Select Schemas to Extract

Under the Connector Settings section of the Metadata Extraction tab, you can configure your MDE jobs. Most OCF connectors support default and custom query-based MDE:

  • Default extraction—MDE uses default SQL queries that are built in the connector code.

  • Custom-query-based extraction—MDE uses custom SQL queries provided by a Data Source Admin on the Metadata Extraction tab of the settings.

Default Extraction

Default extraction will extract either all metadata objects that the service account can access or selected metadata objects if you enabled selective extraction.

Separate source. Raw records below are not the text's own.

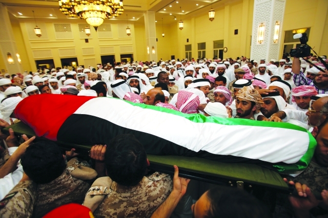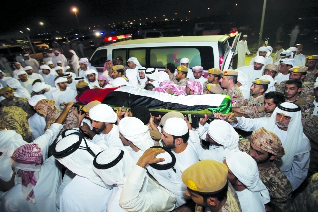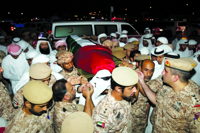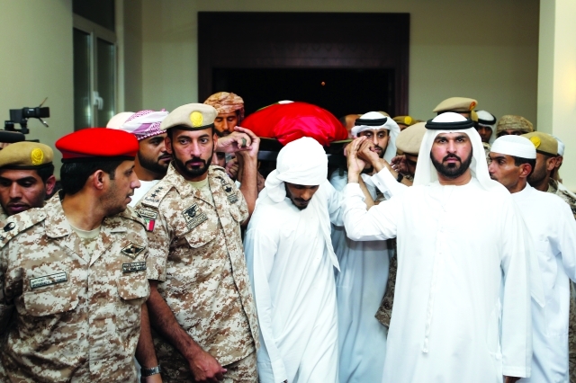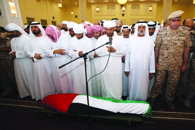 وكان جثمان الشهيد وصل أمس إلى مطار البطين بأبوظبي على متن طائرة عسكرية تابعة للقوات الجوية والدفاع الجوي يرافقه عدد من ضباط وضباط صف القوات المسلحة.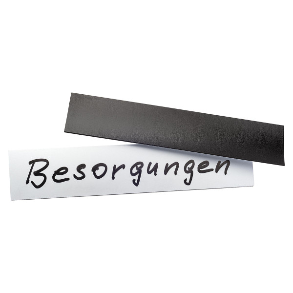Diese flexiblen Bänder mit weißer und glatter Oberfläche und einer Stärke von 0,85 mm sind leicht magnetisch, eignen sich hervorragend für Beschriftungen aller Art und haften auf allen Flächen aus Blech oder Stahl. Mit einer Schere lässt sich das Magnetband in beliebiger Länge von der Rolle abschneiden. Die Beschriftung erfolgt am besten mit einem abwischbaren Folienstift. Verwendungsorte: Büro, Atelier, Lager, Keller, Küche, Schule usw. Wir liefern 2 m-Rollen mit einer Bandbreite von 2 und 4 cm und Abschnitte in der Größe 20 x 10 cm. Die Abschnitte können beliebig zugeschnitten, bemalt und z. B. dank ihrer magnetischen Haftung auf Blechtafeln variabel platziert und verschoben werden.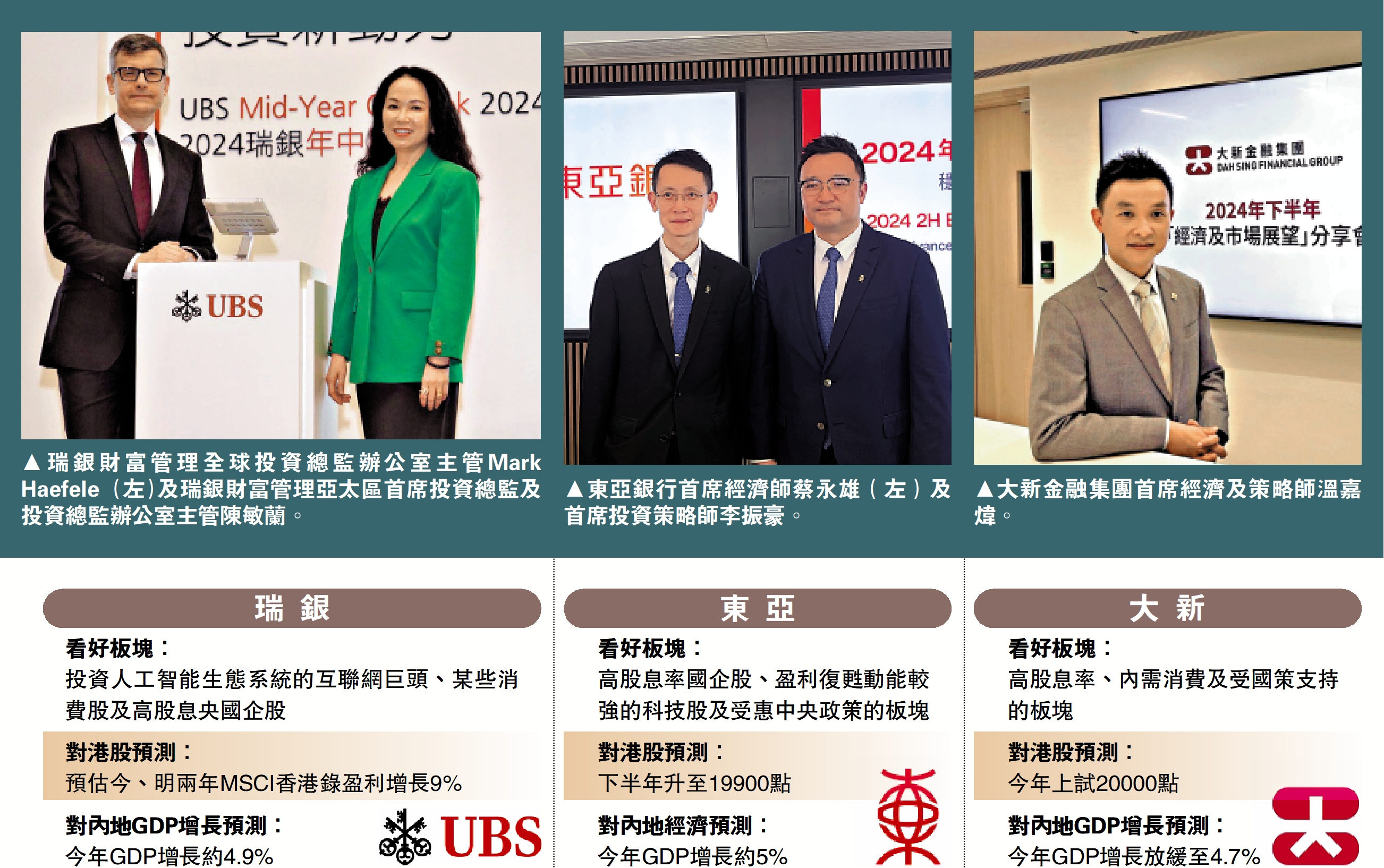 美國利率方面,Mark Haefele認為,由於通脹回落,料聯儲局將會減息,預計在9月首次減息0.25厘,隨後每個季度再減息0.25厘,預計到2025年減息1厘。他並稱,屆時現金可能會轉向其他資產,其中最看好債券,認為高品質債券會在下半年錄得較好回報。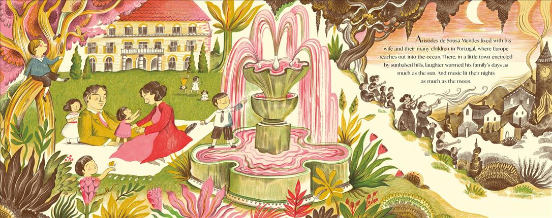 Other - 06/23/2025 Portuguese diplomat Aristides de Sousa Mendes (1885-1954) performed an extraordinary feat of moral courage, here described as perhaps WWII’s "greatest individual act of rescue." While the German army advanced toward his post in Bordeaux, France, many were "driven from their homes, their countries, and everything they ever knew and loved," writes Brown (Like a Diamond in the Sky) in quietly propulsive narration that conveys escalating, life-and-death urgency. Though Portugal "officially took no side in the war," it joined the world in refusing the refugees; de Sousa Mendes, haunted by the frantic, growing crowds gathered at his consulate, nevertheless resolved to say yes. In direct violation of orders, he signed thousands of visas-even shortening his signature to conserve ink-and eventually escorted groups through shortcuts and across the border to Portugal at great personal cost. Digitally colored pencil illustrations by Castrill?n (Nano) include sweeping compositions, finely etched textures, and curvilinear motifs to convey the tide of events and the protagonist’s steadfast, heroic defiance. Includes contextualizing back matter. Ages 5-8. Author’s agent: Sean McCarthy. Sean McCarthy Literary. Illustrator’s agent: Helen Boyle, Pickled Ink. (Sept.) - Copyright 2025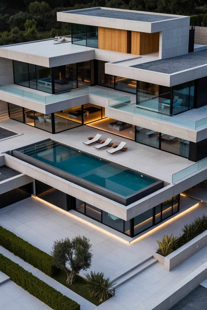 Discover breathtaking villa exterior design where modern architecture meets unparalleled luxury, crowned by a stunning rooftop swimming pool. Clean geometric volumes and cantilevered elements create a sculptural masterpiece.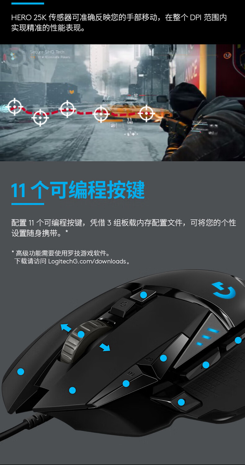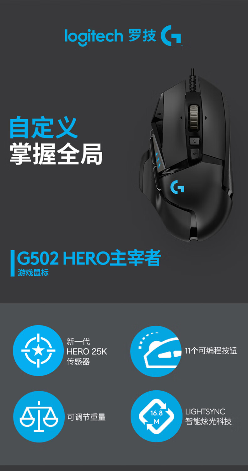 罗技(G) G502 HERO主宰者游戏鼠标电竞鼠标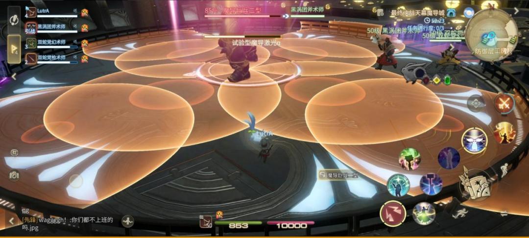 试验型魔导激光β:点名全体成员的范围AOE,分散站位避免伤害重叠。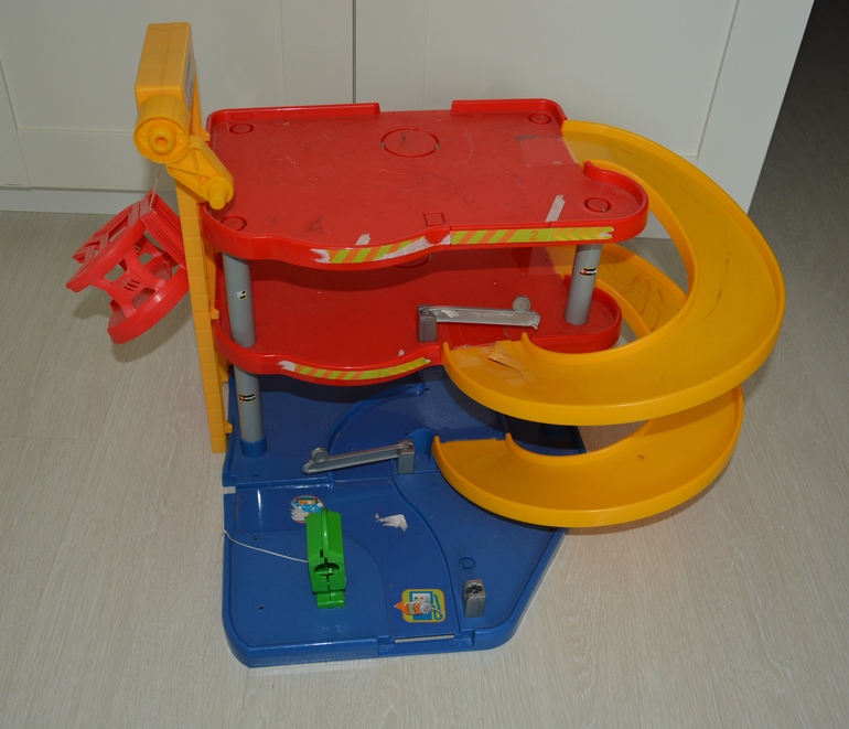 У нас в точности такая Бураго, только цвет немного другой, подарили на ДР в ноябре, это тихий ужас, детали между собой не держатся, рассыпаются. Сын психовал, пришлось абсолютно все детали склеить между собой суперклеем и еще для надежности стыки все скотчем проклеить. Все мелкие детали практически сразу вылетели и поломались либо потерялись, типо светофоры, фонари, шлагбаумы, дорога тож сломалась я ее выкинула. На сегодня от парковки осталось только это, руки чешутся ее выкинуть.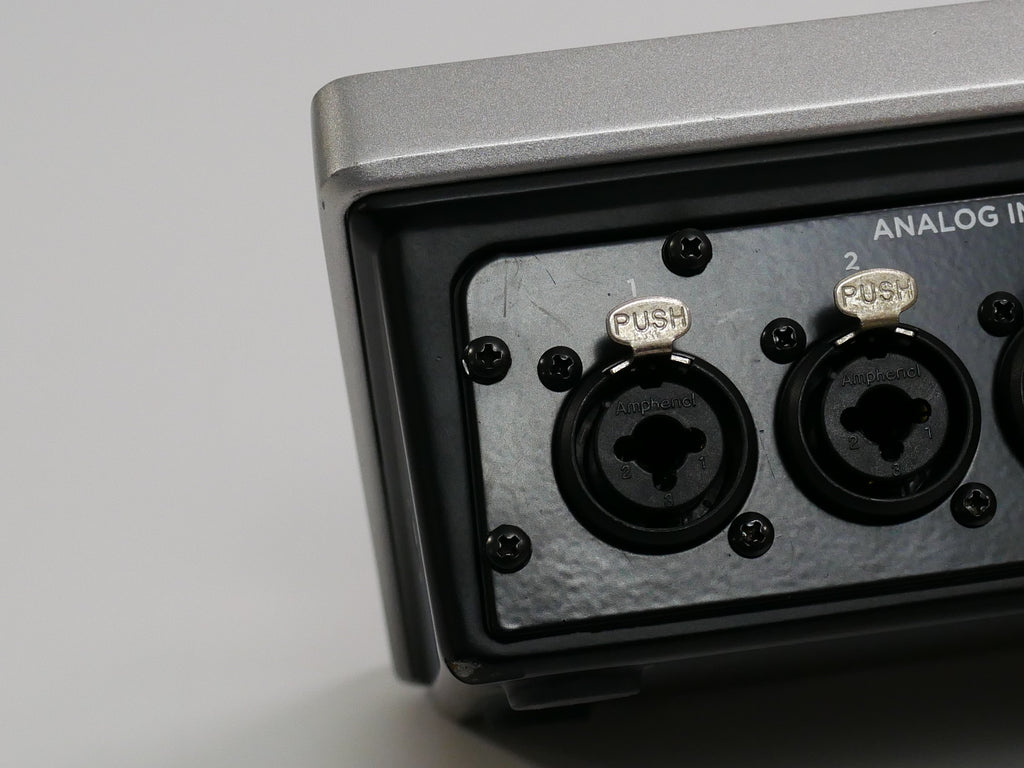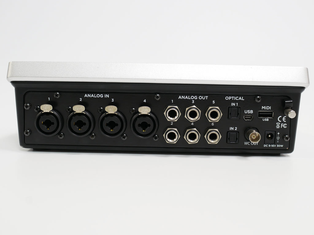 アナログ入出力は4IN6OUT、デジタル入力も2系統付いています。マイク・プリアンプ、AD/DA、クロック精度に関してApogee社の持つクラス最高品質の先進技術を採用しています。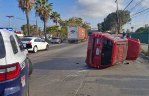 Joven sufre volcadura tras impactar vehículos estacionados en Ensenada
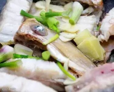 原料:鲜鱼1条、姜片25克、香菇25克、黄酒15克、白糖、精盐、味精、笋片、熟火腿片、麻油适量,胡椒粉少许。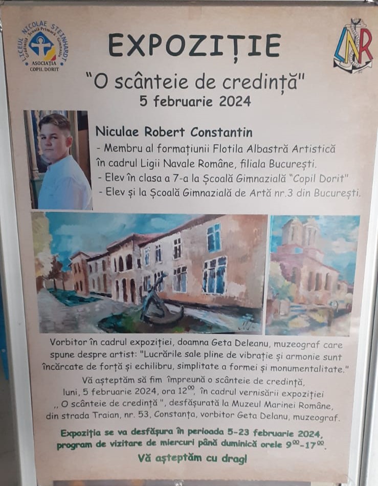 La Muzeul Marinei Române din Constanța, a avut loc vernisajul expoziției de pictură intitulată „O scânteie de credință”, semnată de tânărul artist Robert Niculae, elev al Liceului „Nicolae Steinhardt din București.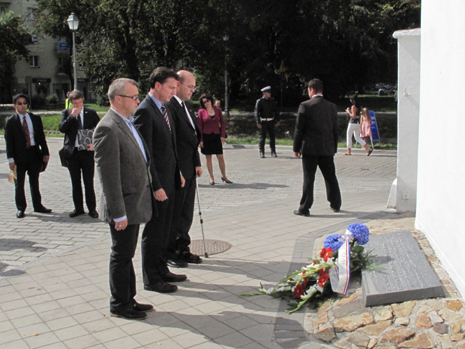 Ambasador, konusl oraz Bogdan Białek złożyli wieniec pod tablicą ze słowami modlitwy Jana Pawła II upamiętniającej tamto tragiczne wydarzenie (na fasadzie budynku znajdują się jeszcze dwie inne inskrypcje dedykowane ofiarom zajść sprzed 65 lat).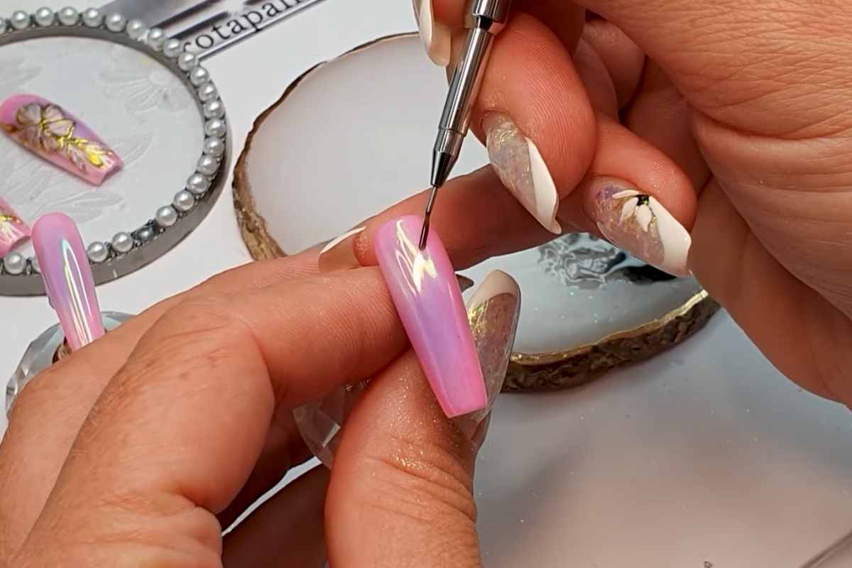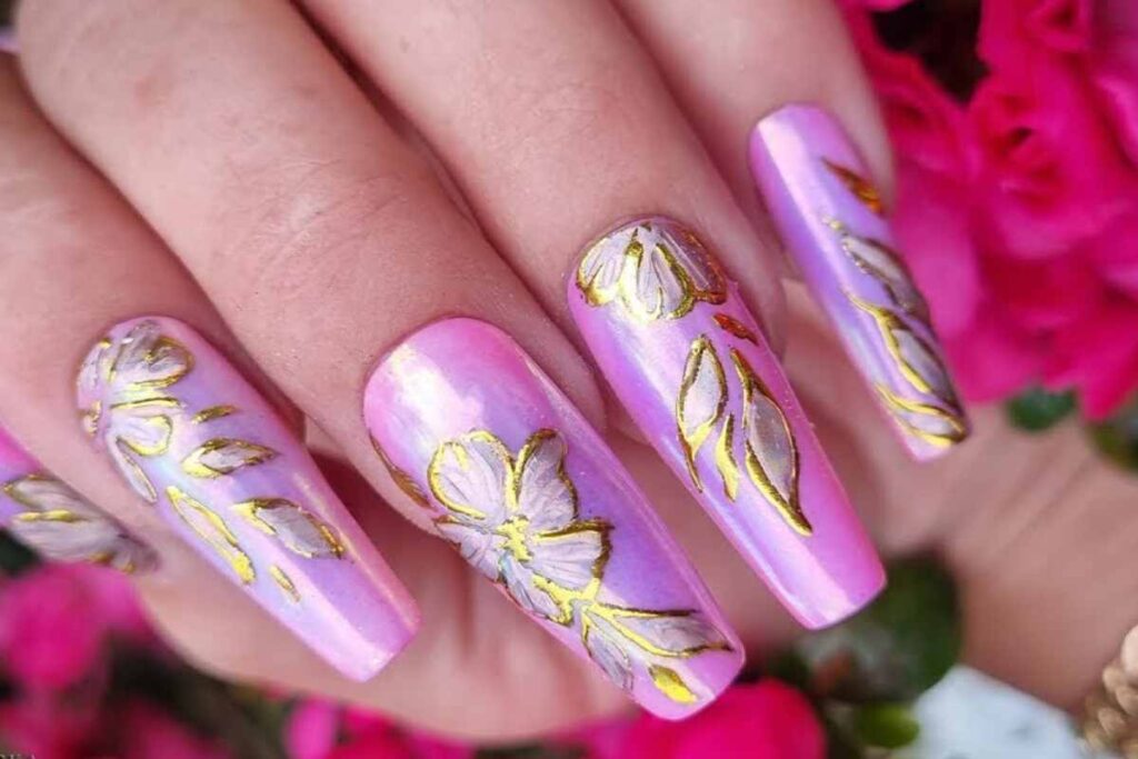 In the featured design, the soft pink and purple base softens the chrome effect, making it feminine and wearable while keeping that glam edge.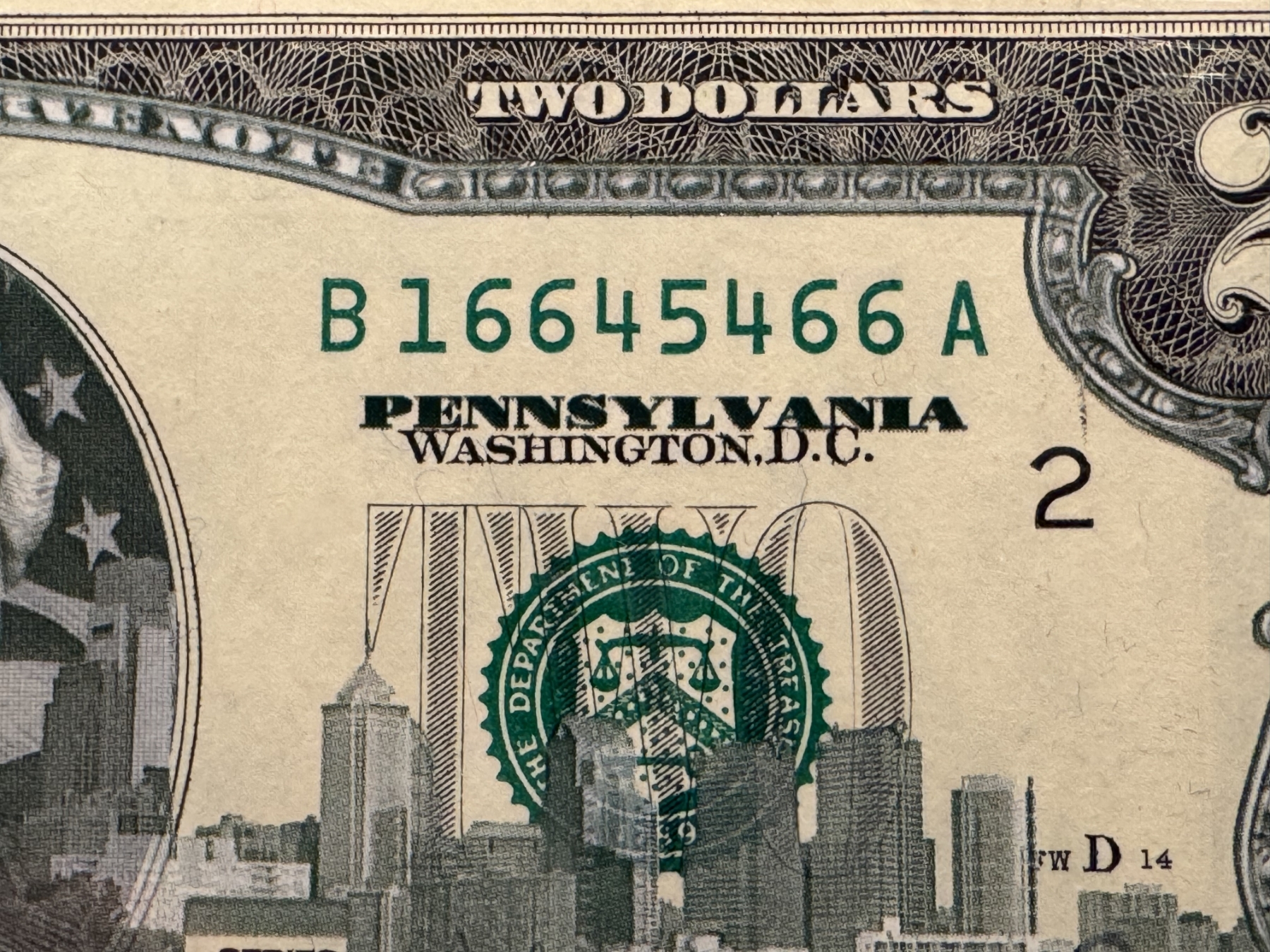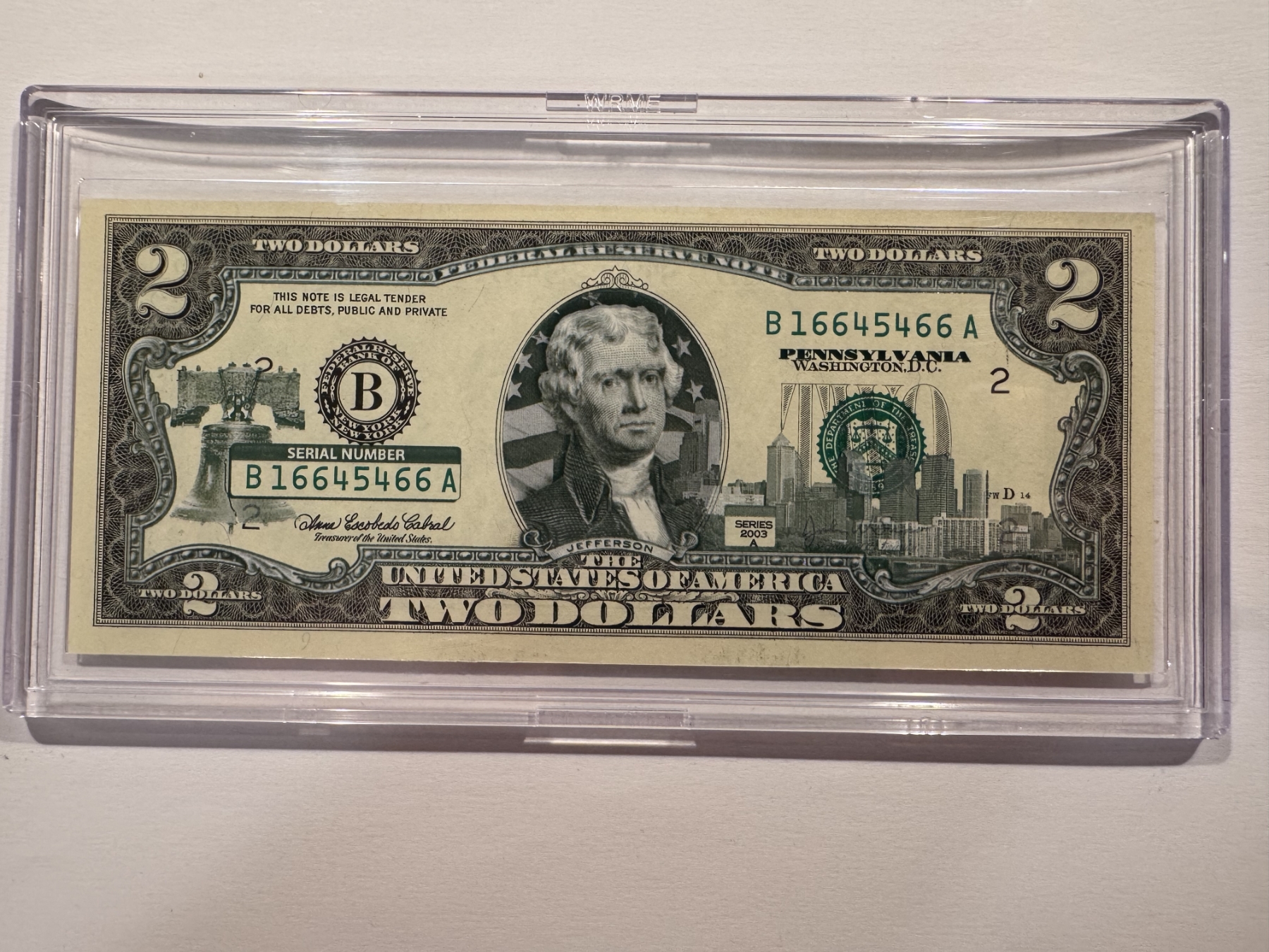 2003 United States Jefferson PENNSYLVANIA $2.00 Bill In Hard Case Holder - Mint Condition - RARE - 4 Of A Kind Serial Number - 6's

Enable Selective Extraction

Under Connector Settings > Selective Extraction, you can select the schemas to include into extraction.

To configure selective extraction:

  1. Enable the Selective Extraction toggle.

  2. If this is not the first time you’re running MDE, decide what you’d like to do with the previously extracted metadata. See Remove schemas from the catalog that are not captured by the lists below.

  3. Click Get List of Schemas to first fetch a list of schemas. The status of the Get Schemas action will be logged in the Extraction Job Status table on the bottom of the page.

  4. When schema synchronization is complete, the Select Schemas drop-down list will become enabled. Select one or more schemas as necessary.

  5. Check if you are using the desired filter option:

    • Extract only these Schemas—Extract metadata only from the selected schemas.

    • Extract all Schemas except—Extract metadata from all schemas except the selected schemas.

  6. Run MDE on Demand or Schedule MDE.

Remove Schemas from the Catalog That Are Not Captured by the Lists Below

As you adjust the list of schemas to extract into the catalog and run consecutive MDE jobs, you include or exclude schemas using the Select Schemas filter. What’s important is that the inclusion or exclusion of schemas only impacts the next extraction job but not the metadata that is already present in the catalog. By default, if you initially include and extract a schema but then exclude this schema and run a consecutive MDE job, the metadata from the excluded schema will not be extracted but will stay in the catalog. To remove previously extracted metadata from the catalog, you need to explicitly configure the removal before running MDE.

You use the toggle Remove schemas from the catalog that are not captured by the lists below to remove old metadata:

  1. Before running MDE, check the state of the toggle Remove schemas from the catalog that are not captured by the lists below under Selective Extraction. Enable it to remove the old metadata during the next MDE job. Leave it disabled (default) or disable it to keep the previously extracted metadata in the catalog.

    Note

    Alation soft-deletes the metadata. It is removed from the catalog but not from the Alation database.

  2. Include or exclude schemas using the Select Schemas filter.

  3. Run MDE manually or schedule MDE.

Configure Custom-Query-Based Extraction

To use query-based metadata extraction, you will need to provide custom queries. Alation expects that the queries conform to a specific format and include all the required reserved identifiers.

Note

For most OCF connectors, the connector documentation provides examples of default queries that Alation runs during MDE. Refer to these examples when writing custom queries.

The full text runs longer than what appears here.